(Source data)
┄┄┄┄┄┄┄┄┄┄

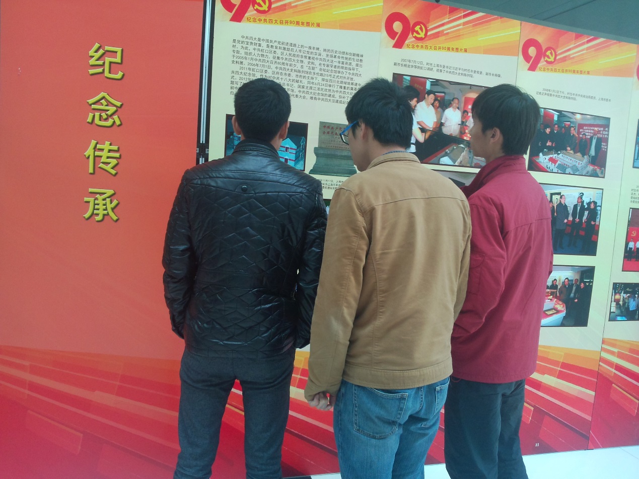 中共四大于1925年1月11日在上海召开,明确提出了无产阶级在民主革命的领导权问题,在党的历史和发展进程中具有很重要的意义。今天在图书馆二楼参观该图片展,看到党的历史与发展进程,让支部党员对中共四大召开的北京和意义有了更深刻的理解,并加深了支部党员的民族自豪感和爱党爱国的情怀,让支部党员们更加明白了大学生应该肩负起新时期下的使命与责任。
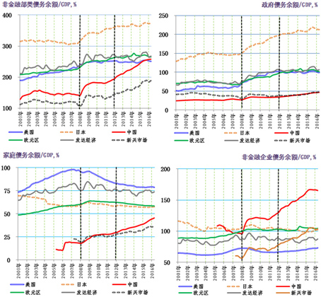因为,“三去一降一补”的宏观要求,实际上就是以降低实体经济杠杆率为核心内容,中国非金融部类杠杆率的整体下降;全球其他经济体则是家庭和实体经济加杠杆的同时,政府逐步降杠杆。言外之意,全球经济正处于杠杆率有增有减的结构性变化之中,由此中国降杠杆可能带来的冲击,就成为危机结束后,全球经济首先要面对的尾部风险。
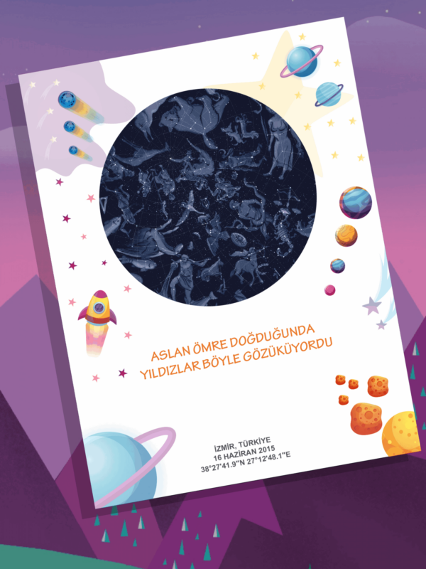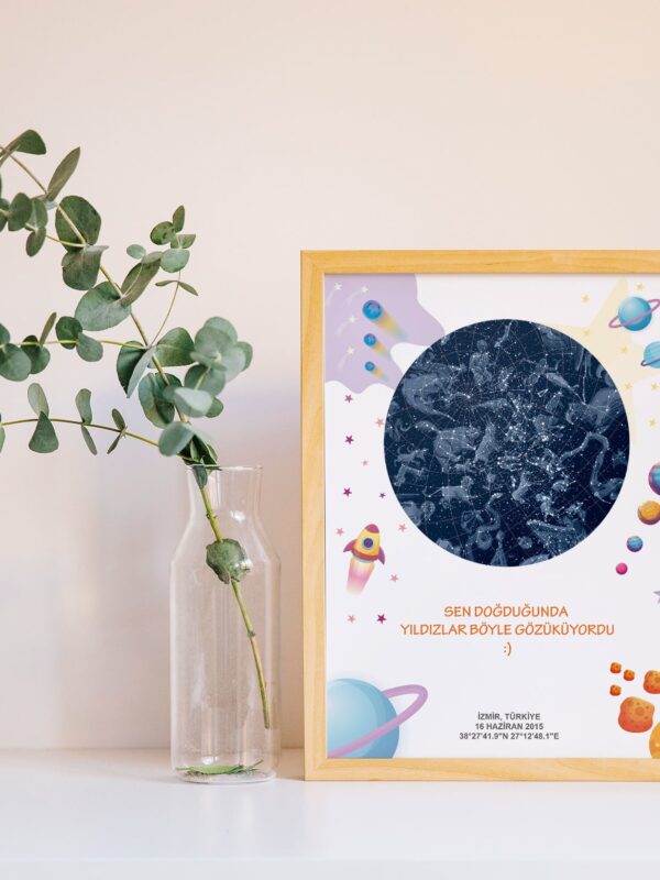Miniklere özel 30×40 cm, Çerçeveli Gökyüzü Haritası !
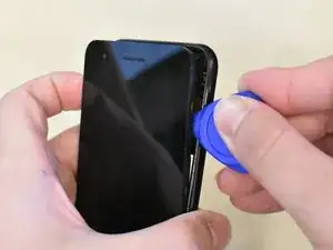 Подденьте сверху и снизу экрана медиатором (см. фото), чтобы освободить защёлки, удерживающие плату в корпусе телефона.
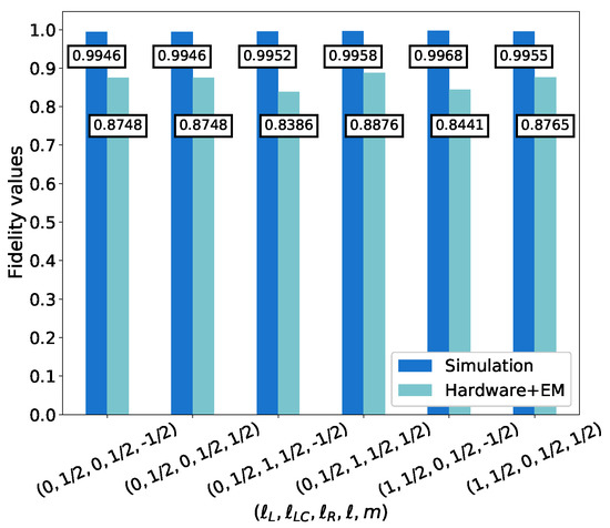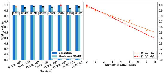 To address these questions, in Table 1 we compute the fidelity and purity of the state , respectively, Equations (18) and (19). We observe , which mirrors the deviations between exact and simulated expectation values of spin operators. Furthermore, in raw hardware simulations, indicates that qubits are depolarized by decoherence. The combined use of EM + RE increases the fidelity towards one, indicating a more faithful representation of the quantities measured on the device. Fidelities are extrapolated as shown in the right panel of Figure 8, where analogous results are presented for all the total spin eigenfunctions of qubits.
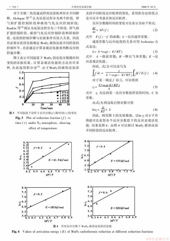 摘 要:在测定MnO2碳热还原表观活化能的基础上, 确认MnO2碳热还原可以分为三个阶段: 1) 在 f <0.3时, 其控制环节为气相扩散, 2) 当0.3< f <0.6时, 其控制环节为碳气化反应, 3) 当 f >0.6时, 其控制环节为固相扩散。 稀土氧化物(La2O3, CeO2和Ce2O3)对MnO2碳热还原有催化作用,并以La2O3效果最佳。 催化的机理在于对碳气化反应的催化。

┄┄┄┄┄┄┄┄┄┄

Once the pictures are removed, return the entries exactly as they stand.

 中共四大于1925年1月11日在上海召开,明确提出了无产阶级在民主革命的领导权问题,在党的历史和发展进程中具有很重要的意义。今天在图书馆二楼参观该图片展,看到党的历史与发展进程,让支部党员对中共四大召开的北京和意义有了更深刻的理解,并加深了支部党员的民族自豪感和爱党爱国的情怀,让支部党员们更加明白了大学生应该肩负起新时期下的使命与责任。
因为,“三去一降一补”的宏观要求,实际上就是以降低实体经济杠杆率为核心内容,中国非金融部类杠杆率的整体下降;全球其他经济体则是家庭和实体经济加杠杆的同时,政府逐步降杠杆。言外之意,全球经济正处于杠杆率有增有减的结构性变化之中,由此中国降杠杆可能带来的冲击,就成为危机结束后,全球经济首先要面对的尾部风险。
Miniklere özel 30×40 cm, Çerçeveli Gökyüzü Haritası !
 Подденьте сверху и снизу экрана медиатором (см. фото), чтобы освободить защёлки, удерживающие плату в корпусе телефона.
 To address these questions, in Table 1 we compute the fidelity and purity of the state , respectively, Equations (18) and (19). We observe , which mirrors the deviations between exact and simulated expectation values of spin operators. Furthermore, in raw hardware simulations, indicates that qubits are depolarized by decoherence. The combined use of EM + RE increases the fidelity towards one, indicating a more faithful representation of the quantities measured on the device. Fidelities are extrapolated as shown in the right panel of Figure 8, where analogous results are presented for all the total spin eigenfunctions of qubits.
 摘 要:在测定MnO2碳热还原表观活化能的基础上, 确认MnO2碳热还原可以分为三个阶段: 1) 在 f <0.3时, 其控制环节为气相扩散, 2) 当0.3< f <0.6时, 其控制环节为碳气化反应, 3) 当 f >0.6时, 其控制环节为固相扩散。 稀土氧化物(La2O3, CeO2和Ce2O3)对MnO2碳热还原有催化作用,并以La2O3效果最佳。 催化的机理在于对碳气化反应的催化。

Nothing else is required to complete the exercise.